5. The money. See Ryan Seacrest’s salary.

6. Kevin O’Leary. He’s on ABC’s Shark Tank, its version of Dragons’ Den, as well as CBC’s Dragons’ Den thing. He was at the ABC party on Tuesday night, I was told. Couldn’t miss him, in an electric pink tie. I spent 40 minutes looking for the blustering guy, to thank him for providing me with such a wealth of material. Never found him. If TV didn’t make stars of such people I wouldn’t be wasting my time.

7. The “American Dream” thing. Apparently Fox’s American Idol is “all about making the American Dream come true,” according to judge Randy Jackson. So the “American Dream” involves mocking weird-looking people who can’t sing for weeks on TV before the competent karaoke singers arrive?

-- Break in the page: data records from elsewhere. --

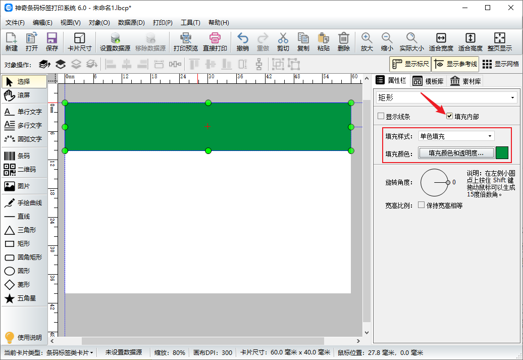 首先打开条码标签软件,新建一个标签,设置标签的尺寸,这里要注意的是标签的尺寸要和打印机里的标签纸的尺寸保持一致。点击软件左侧的“矩形”工具,在画布上绘制一个矩形,在软件右侧勾选填充内部,将填充样式设置为单色填充,然后点击填充颜色按钮,在拾色器中选择一个颜色。
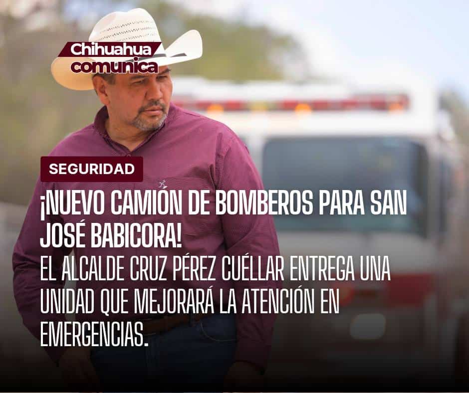 Pérez Cuéllar no acudió con las manos vacías, fue a llevar una bombera para que apaguen los incendios que en esa región, cuando se presentan, son ocasionados en los enfrentamientos entre bandas del crimen organizado y rara vez por otras causas. Como siempre, el aparato de Comunicación Social del Municipio ocultó el donativo que fue entregado durante un rodeo de rancho realizado por el 71 aniversario de las Fiestas de la repartición del latifundio de la exhacienda de San José Babícora, a las que acudió aparentemente invitado por la alcaldesa de ese municipio, María de los Ángeles Moreno, a quien ya anteriormente le había llevado una ambulancia de rescate municipal de los juarenses.
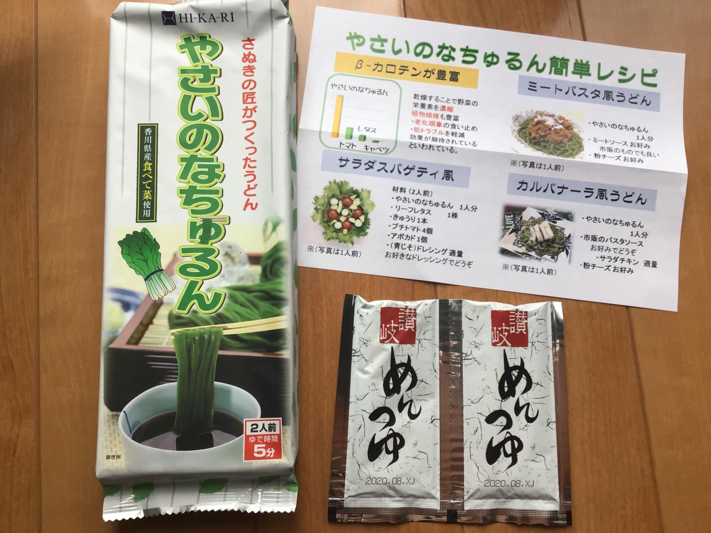 野菜のなちゅるんだけでなく、専用のツユと、美味しい茹で方やおすすめレシピの載った紙がセットになっていたので、おうどんをあまり作らない方でも手軽に調理できると思います
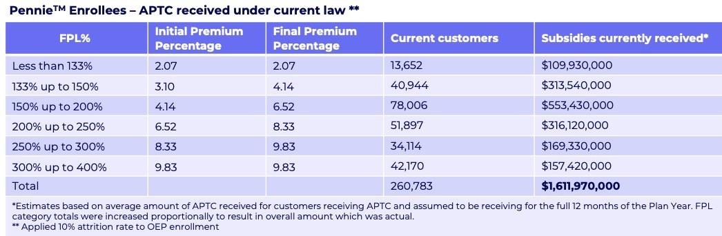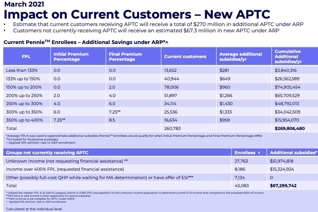 Pennie estimates that without the ARP, their current enrollees would receive around $1.61 billion in federal APTC subsidies over the course of 2021 (assuming around a 10% net attrition rate, which sounds low to me, but then again, in the age of COVID anything's possible...and the ARP's extra subsidies are gonna reduce the attrition rate anyway):
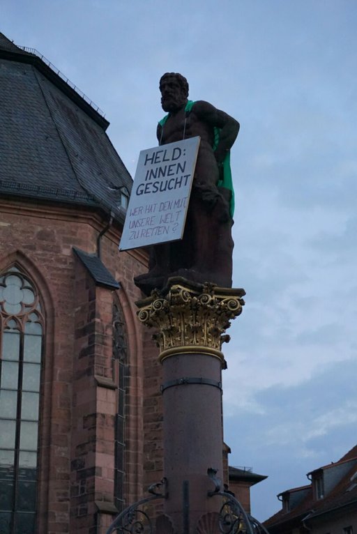 Gemeinsam mit FridaysForFuture Heidelberg haben wir in der Nacht vom 17. auf den 18. Juli 2020 einige Statuen in Heidelberg verschönert um zu zeigen: Die Klimakrise ist immer noch da und die Zeit läuft...
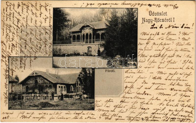 Leírás: 1904 Nagyrőce, Nagy-Rőcze, Gross-Rauschenbach, Velká Revúca; Nagyrőczei vasas gyógyfürdő. Büchler Béla kiadása / spa, bath
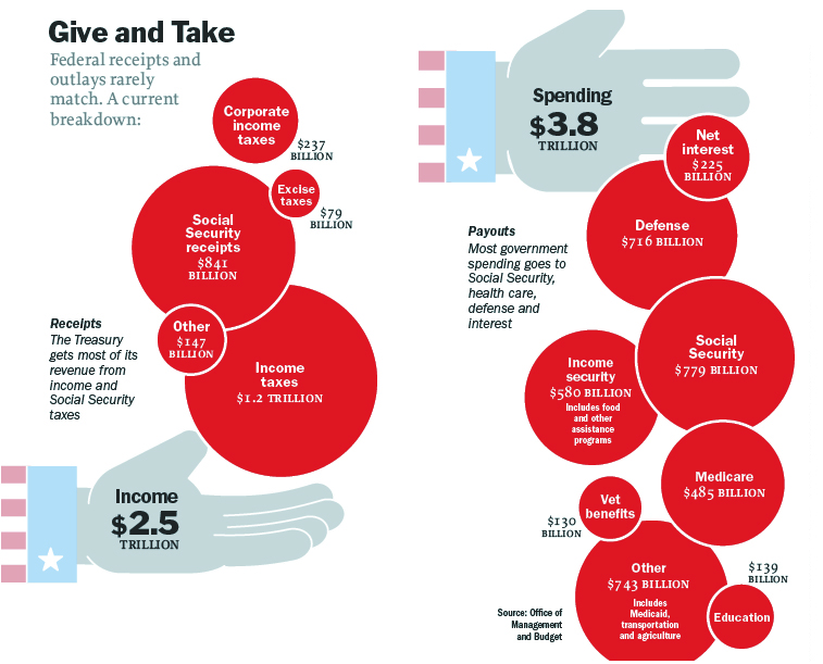 The ‘Briefing’ page from TIME magazine’s latest edition.And here is a diagram published by TIME magazine’s Sept 17, 2012 edition. Looks to me as if the Corporate Income taxes ‘coin’ could be bigger, as does the Income Taxes one (just because there are no other big Receipts), and then on the Payments side, Defense could be smaller. There is an on-going and bitter political debate about Income Security, Medicare and ‘Other’ payments.

8. The fear of offending. The show GCB, based on the satirical novel called Good Christian Bitches, is described by ABC boss Lee as “actually very pro-religion,” and the show’s executive producer insists that “the church is sacred” in the show. Oh come on. It’s better to just admit that, yeah, some viewers might be offended. Because somebody always is.

9. The phony wars between shows. American Idol’s Jackson says NBC’s The Voice features “second-chance people” and its use of rotating chairs on set is a “rip-off of Star Trek.” Street fight! Smackdown! Oh for heaven’s sake, they’re all just silly singing shows.

10. The lack of originality. A lot of TV comedy and drama is simply derived from other TV comedy and drama, not the real world. Steve Levitan, who runs Modern Family, said here, “I actually tell the writers not to watch TV so it doesn’t kill story ideas.” Good move. A reason why his show is good.